Task details:
Leave the pictures aside and copy all the data exactly.
-----
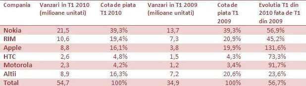 Astfel, vanzarile de iPhone-uri au crescut in T1 cu circa 130% fata de aceeasi perioada a anului trecut, in timp ce telefoanele Blackberry au avut un avans de 45%, cea mai mica evolutie inregistrata de primii cinci jucatori pe piata smartphone-urilor.
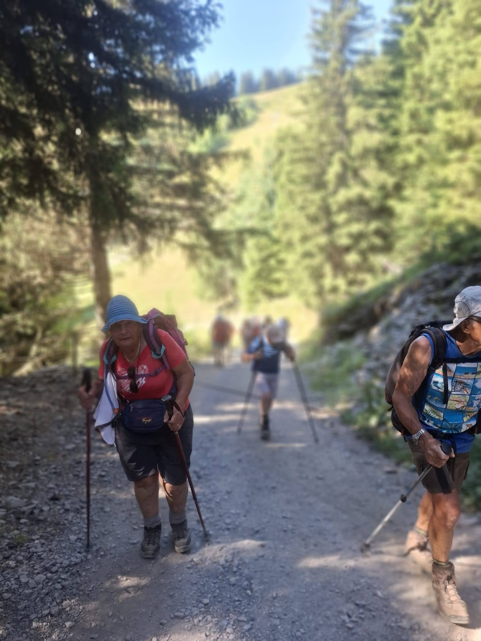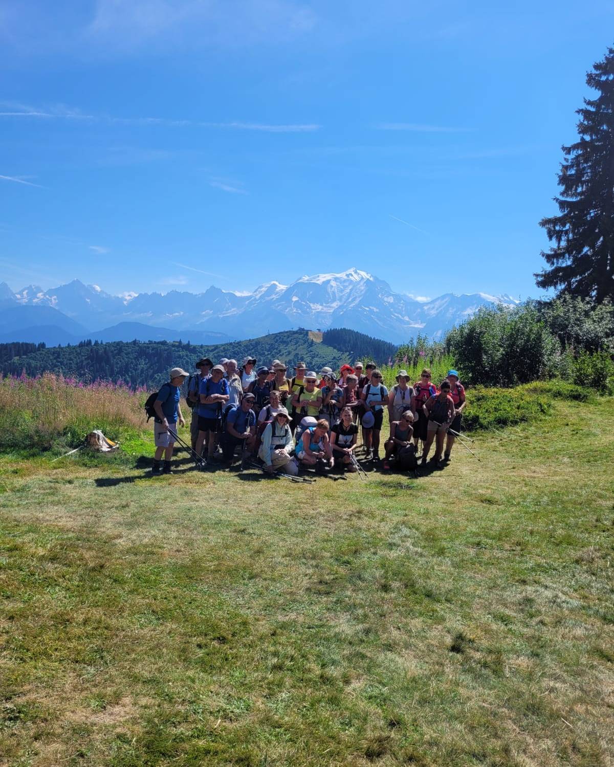 au départ de Saint Martin pour une sortie en direction de Combloux en Haute-Savoie. 2 groupes ont été constitués pour une randonnée sur les hauts de la station de Combloux et ont atteint le col du Jaillet pour le pique nique à l’ombre des sapins. Le décor était somptueux avec la chaine du Mont Blanc immaculée et sans nuages d’un coté et le massif des Aravis de l’autre. Randonnée quelque peu éprouvante sous la canicule mais atténuée par l’ombre des forêt
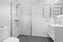 Helkalkat badrum med klinkergolv och tillhörande golvvärme. Duschvägg, tvättställ med kommod, spegelskåp, handdukstork och WC med installerad tvättmaskin och spotlights i taket.
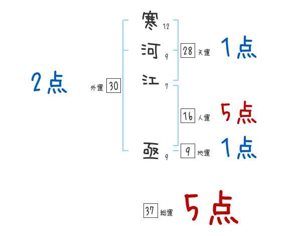 天運![]() | 寒河江亟さんの天運は28画の1つ星!家庭環境に注意。スポーツで活躍できる能力があるかも。 家系が持つ宿命的な運勢を表します。祖先から受け継いだ苗字ですので自分の力が及びません。家柄を象徴します。 |
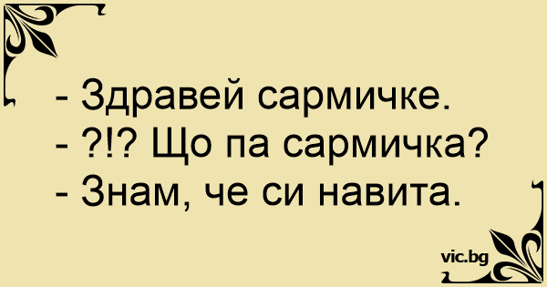 - Здравей сармичке. - ?!?...
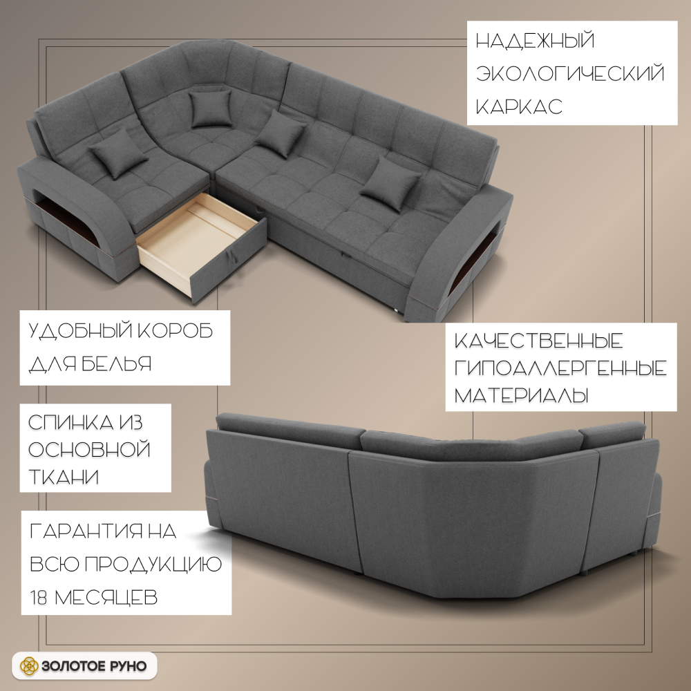 Отзывы о Столплит Угловой диван Майами-3 ППУ, велюр Серый
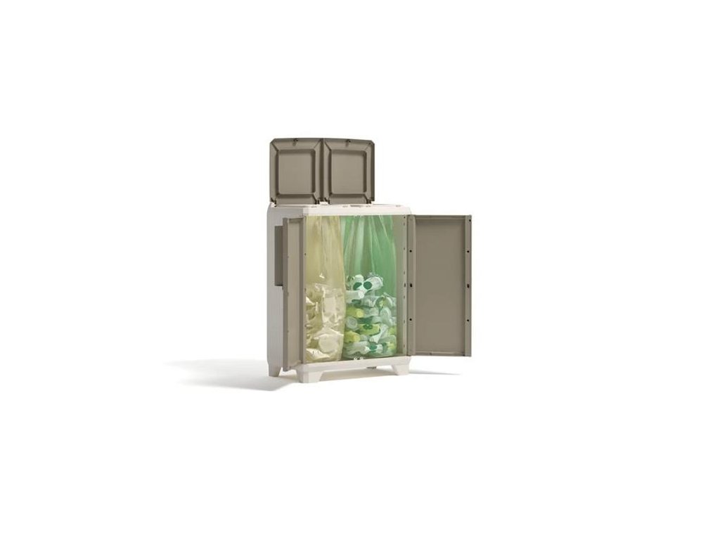KETER Split Premium Wood štýlovo a jednoducho prispieva k ochrane životného prostredia.Svetlobéžová a žltá farba evokuje prírodné drevo, esteticky sa hodí do každého priestoru. -vhodná na uloženie dvoch vriec s objemom do 110 litrov -vyrobená z polypropylénu, odolná voči mechanickému poškodeniu a poveternostným vplyvom, takže ju možno umiestniť v interiéri aj exteriéri, napríklad na krytej terase -ľahko sa čistí - jednoduchá montáž -vybavená dvoma hornými vekami so špeciálne tvarovanými otvormi pre jednoduché otváranie - predné dvojkrídlové dvierka s pohodlnými úchytkami - s nastaviteľnými nohami -rozmery: 39x68 x92 cm (šírka x hĺbka x výška) -hmotnosť: 6,07 kg - vrecia nie sú súčasťou baleniaDodatočné parametre
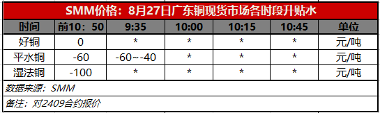 8月27日广东铜现货市场各时段升贴水(第一时段9:30)【SMM价格】
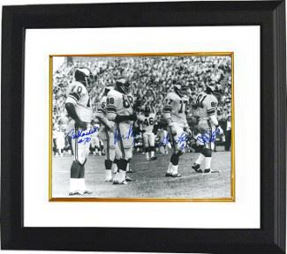 The Purple People Eaters was the nickname of the Minnesota Vikings football team's defensive line of the late 1960s to the late 1970s, when the Vikings played in four Super Bowls. The Purple People Eaters are Alan Page (9 Pro Bowl Selections, NFL MVP, and Hall of Famer), Carl Eller (6 Pro Bowl Selections and Hall of Famer), Jim Marshall (2 Pro Bowl Selections), and Gary Larsen (2 Pro Bowl Selections) The Purple People Eaters were a big factor in the post-season success of the Vikings from the late 1960s through the 1970s. This Minnesota Vikings 16X20 photo was hand signed by the Purple People Eaters: Carl Eller (with HOF 04 inscription), Alan Page, Jim Marshall, and Gary Larsen. Certificate of Authenticity from Athlon Sports. Custom White Mat and Black Color Framed as shown.
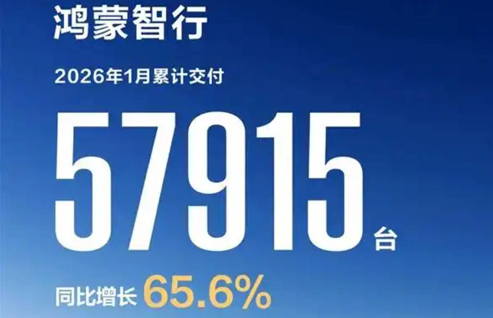 鴻蒙智行2026開年首月銷量為57915輛,同比增長(zhǎng)65.6%。相比去年12月銷量來(lái)看,環(huán)比下滑達(dá)到35%。
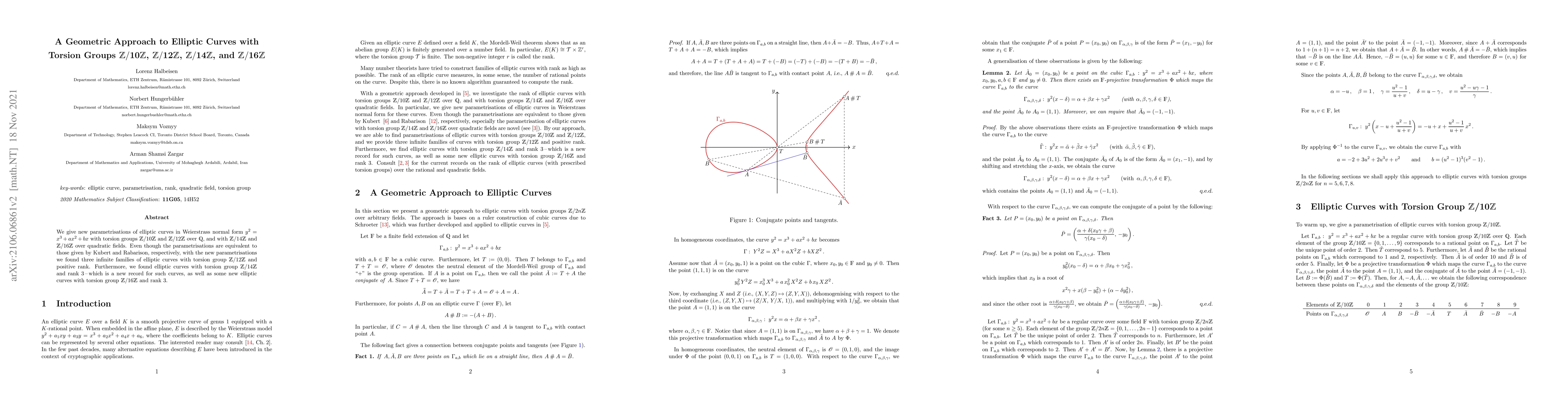 We give new parametrisations of elliptic curves in Weierstrass normal form $y^2=x^3+ax^2+bx$ with torsion groups $\mathbb{Z}/10\mathbb{Z}$ and $\mathbb{Z}/12\mathbb{Z}$ over $\mathbb{Q}$, and with $\mathbb{Z}/14\mathbb{Z}$ and $\mathbb{Z}/16\mathbb{Z}$ over quadratic fields. Even though the parametrisations are equivalent to those given by Kubert and Rabarison, respectively, with the new parametrisations we found three infinite families of elliptic curves with torsion group $\mathbb{Z}/12\mathbb{Z}$ and positive rank. Furthermore, we found elliptic curves with torsion group $\mathbb{Z}/14\mathbb{Z}$ and rank $3$, which is a new record for such curves, as well as some new elliptic curves with torsion group $\mathbb{Z}/16\mathbb{Z}$ and rank $3$.
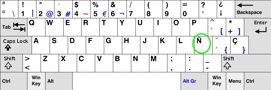 Obs: otros teclados Latinos tienen su acento agudo en otra ubicación.
-----
Output below:
 Astfel, vanzarile de iPhone-uri au crescut in T1 cu circa 130% fata de aceeasi perioada a anului trecut, in timp ce telefoanele Blackberry au avut un avans de 45%, cea mai mica evolutie inregistrata de primii cinci jucatori pe piata smartphone-urilor.
 au départ de Saint Martin pour une sortie en direction de Combloux en Haute-Savoie. 2 groupes ont été constitués pour une randonnée sur les hauts de la station de Combloux et ont atteint le col du Jaillet pour le pique nique à l’ombre des sapins. Le décor était somptueux avec la chaine du Mont Blanc immaculée et sans nuages d’un coté et le massif des Aravis de l’autre. Randonnée quelque peu éprouvante sous la canicule mais atténuée par l’ombre des forêt
 Helkalkat badrum med klinkergolv och tillhörande golvvärme. Duschvägg, tvättställ med kommod, spegelskåp, handdukstork och WC med installerad tvättmaskin och spotlights i taket.
 天運![]() | 寒河江亟さんの天運は28画の1つ星!家庭環境に注意。スポーツで活躍できる能力があるかも。 家系が持つ宿命的な運勢を表します。祖先から受け継いだ苗字ですので自分の力が及びません。家柄を象徴します。 |
 - Здравей сармичке. - ?!?...
 Отзывы о Столплит Угловой диван Майами-3 ППУ, велюр Серый
KETER Split Premium Wood štýlovo a jednoducho prispieva k ochrane životného prostredia.Svetlobéžová a žltá farba evokuje prírodné drevo, esteticky sa hodí do každého priestoru. -vhodná na uloženie dvoch vriec s objemom do 110 litrov -vyrobená z polypropylénu, odolná voči mechanickému poškodeniu a poveternostným vplyvom, takže ju možno umiestniť v interiéri aj exteriéri, napríklad na krytej terase -ľahko sa čistí - jednoduchá montáž -vybavená dvoma hornými vekami so špeciálne tvarovanými otvormi pre jednoduché otváranie - predné dvojkrídlové dvierka s pohodlnými úchytkami - s nastaviteľnými nohami -rozmery: 39x68 x92 cm (šírka x hĺbka x výška) -hmotnosť: 6,07 kg - vrecia nie sú súčasťou baleniaDodatočné parametre
 8月27日广东铜现货市场各时段升贴水(第一时段9:30)【SMM价格】
 The Purple People Eaters was the nickname of the Minnesota Vikings football team's defensive line of the late 1960s to the late 1970s, when the Vikings played in four Super Bowls. The Purple People Eaters are Alan Page (9 Pro Bowl Selections, NFL MVP, and Hall of Famer), Carl Eller (6 Pro Bowl Selections and Hall of Famer), Jim Marshall (2 Pro Bowl Selections), and Gary Larsen (2 Pro Bowl Selections) The Purple People Eaters were a big factor in the post-season success of the Vikings from the late 1960s through the 1970s. This Minnesota Vikings 16X20 photo was hand signed by the Purple People Eaters: Carl Eller (with HOF 04 inscription), Alan Page, Jim Marshall, and Gary Larsen. Certificate of Authenticity from Athlon Sports. Custom White Mat and Black Color Framed as shown.
 鴻蒙智行2026開年首月銷量為57915輛,同比增長(zhǎng)65.6%。相比去年12月銷量來(lái)看,環(huán)比下滑達(dá)到35%。
 We give new parametrisations of elliptic curves in Weierstrass normal form $y^2=x^3+ax^2+bx$ with torsion groups $\mathbb{Z}/10\mathbb{Z}$ and $\mathbb{Z}/12\mathbb{Z}$ over $\mathbb{Q}$, and with $\mathbb{Z}/14\mathbb{Z}$ and $\mathbb{Z}/16\mathbb{Z}$ over quadratic fields. Even though the parametrisations are equivalent to those given by Kubert and Rabarison, respectively, with the new parametrisations we found three infinite families of elliptic curves with torsion group $\mathbb{Z}/12\mathbb{Z}$ and positive rank. Furthermore, we found elliptic curves with torsion group $\mathbb{Z}/14\mathbb{Z}$ and rank $3$, which is a new record for such curves, as well as some new elliptic curves with torsion group $\mathbb{Z}/16\mathbb{Z}$ and rank $3$.
 Obs: otros teclados Latinos tienen su acento agudo en otra ubicación.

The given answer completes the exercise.